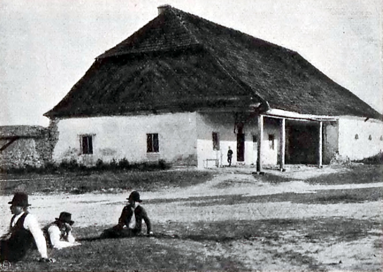 It's tavern in Miąsowa. It already doesn't exist.
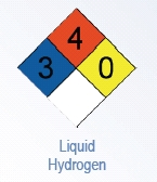 NFPA_704_Hazard_placard_liquid_hydrogen.jpg Images from
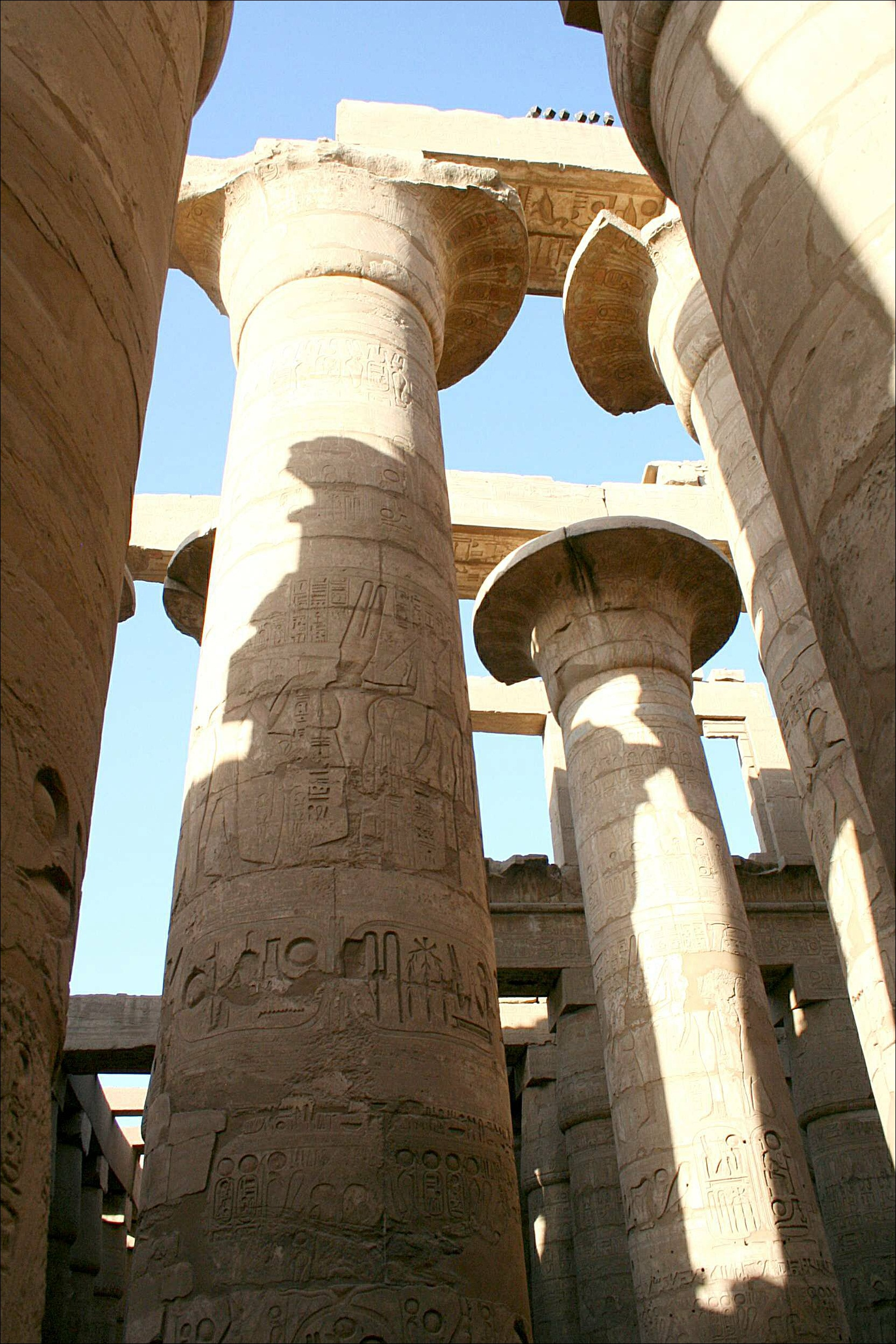 Karnak Temple - Hall
######
What the exercise asks | Return the data word for word without its pictures.

Answer area |
 It's tavern in Miąsowa. It already doesn't exist.
 NFPA_704_Hazard_placard_liquid_hydrogen.jpg Images from
 Karnak Temple - Hall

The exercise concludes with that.